Home > Backend Development > Python Tutorial > How to Perform Data Analysis in Python Using the OpenAI API

How to Perform Data Analysis in Python Using the OpenAI API

Jennifer Aniston
Release: 2025-02-10 12:21:10
Original
466 people have browsed it

How to Perform Data Analysis in Python Using the OpenAI API

Core points

  • Utilizing Python and OpenAI APIs, users can systematically analyze datasets for valuable insights without over-designing code or wasting time, providing a universal solution for data analysis.
  • OpenAI API and Python can be used to analyze text files (such as Nvidia's latest earnings call), by extracting specified information from records and printing them out.
  • OpenAI API and Python can also analyze CSV files (such as Medium article dataset) to find the overall tone of each post, the main lessons/points, and the "click bait score" from 0 to 3 (0 means click bait, 3 means extreme click bait).
  • To automatically analyze multiple files, users can place them in one folder, install the glob library, and use a for loop to read the contents of each file and save the output of each file analysis to a separate file middle.

This tutorial will guide you how to use Python and OpenAI API to mine and analyze data.

Manually analyzing datasets to extract useful data, or even performing the same operations with a simple program, can often become complex and time-consuming. Fortunately, with the OpenAI API and Python, datasets can be systematically analyzed for interesting information without over-designing code and wasting time. This can be used as a universal solution for data analysis without the need to use different methods, libraries, and APIs to analyze different types of data and data points in datasets.

Let's learn step by step how to analyze your data using OpenAI API and Python, first of all, how to set it up.

Settings

To use the OpenAI API to mine and analyze data through Python, install the openai and pandas libraries:

pip3 install openai pandas
Copy after login
Copy after login
Copy after login

After this is done, create a new folder and create an empty Python file in the new folder.

Analyze text files

In this tutorial, I think it would be interesting to have Python analyze Nvidia's latest earnings call.

Download the latest NVIDIA earnings call I got from The Motley Fool and move it to your project folder.

Then open your empty Python file and add this code.

This code reads the Nvidia financial report record you downloaded and passes it to the extract_info function as a transcript variable.
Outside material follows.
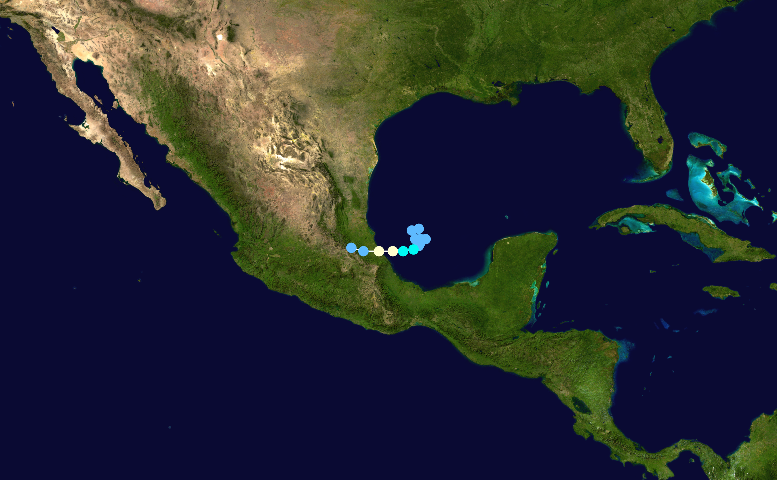 Track map of Hurricane Lorenzo of the 2007 Atlantic hurricane season. The points show the location of the storm at 6-hour intervals. The colour represents the storm's maximum sustained wind speeds as classified in the Saffir–Simpson scale (see below), and the shape of the data points represent the nature of the storm, according to the legend below. Saffir–Simpson scale Tropical depression≤38 mph≤62 km/h Category 3111–129 mph178–208 km/h Tropical storm39–73 mph63–118 km/h Category 4130–156 mph209–251 km/h Category 174–95 mph119–153 km/h Category 5≥157 mph≥252 km/h Category 296–110 mph154–177 km/h Unknown Storm type Tropical cyclone Subtropical cyclone Extratropical cyclone / Remnant low / Tropical disturbance / Monsoon depression
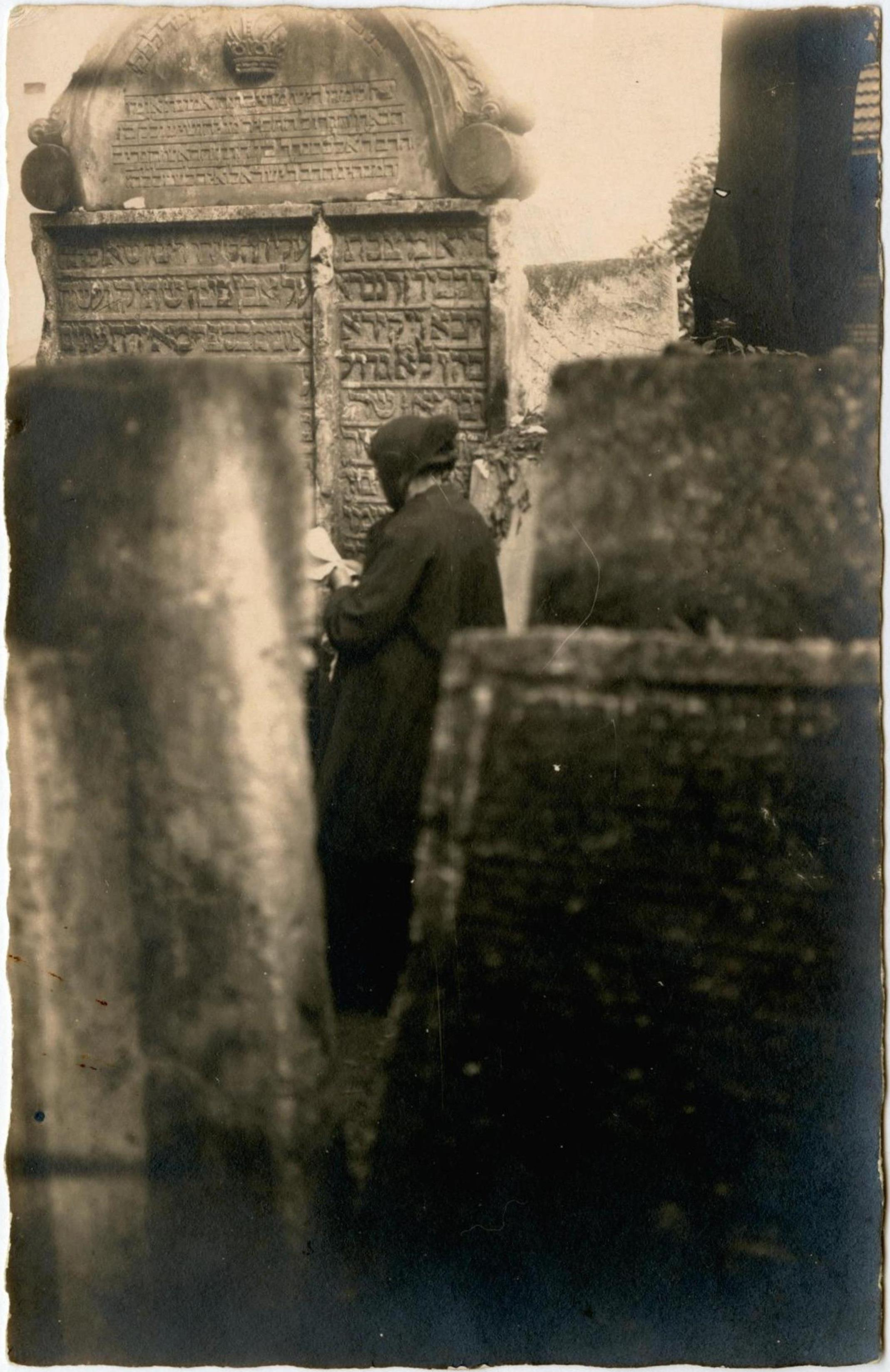 Woman at the tombstone of rebbi Yehoshu'a Falk (1555 - 1614) on the Old Jewish cemetry in Lwow (Lemberg, Lviv).

extract_info function passes prompts and records as user input, as well as temperature=0.3 and model="gpt-3.5-turbo-16k". The reason it uses the "gpt-3.5-turbo-16k" model is that it can handle large text such as this record. This code uses the openai.ChatCompletion.create endpoint to get the response and pass the propt and transcript variables as user input:

completions = openai.ChatCompletion.create(
    model="gpt-3.5-turbo-16k",
    messages=[
        {"role": "user", "content": prompt+"\n\n"+text}
    ],
    temperature=0.3,
)
Copy after login
Copy after login

The complete input will look like this:

<code>从文本中提取以下信息:
    英伟达的收入
    英伟达本季度做了什么
    关于人工智能的评论

英伟达财报记录在此处</code>
Copy after login
Copy after login

Now if we pass the input to the openai.ChatCompletion.create endpoint, the full output will look like this:

pip3 install openai pandas
Copy after login
Copy after login
Copy after login

As you can see, it returns text responses as well as requested token usage, which is useful if you are tracking expenditures and optimization costs. But since we are only interested in the response text, we get it by specifying the completions.choices[0].message.content response path.

If you run the code, you should get output similar to what is quoted below:

From the text, we can extract the following information:

  1. NVIDIA's revenue: In the second quarter of fiscal 2024, NVIDIA reported a record second-quarter revenue of US$13.51 billion, an increase of 88% month-on-month and 101% year-on-year.
  2. What Nvidia did this quarter: Nvidia has seen significant growth in all areas. Their revenue in the data center sector hit a record, up 141% month-on-month and 171% year-on-year. Their gaming division also achieved growth, with revenues up 11% month-on-month and 22% year-on-year. In addition, their professional visualization department's revenue increased by 28% month-on-month. They also announced partnerships and partnerships with companies such as Snowflake, ServiceNow, Accenture, Hugging Face, VMware and SoftBank.
  3. Comments on AI: Nvidia highlights strong demand for its AI platform and accelerated computing solutions. They mentioned the deployment of major cloud service providers and consumer internet companies in their HGX systems. They also discuss the application of generative artificial intelligence in various industries such as marketing, media and entertainment. Nvidia emphasizes the potential of generative artificial intelligence to create new market opportunities and improve productivity in different sectors.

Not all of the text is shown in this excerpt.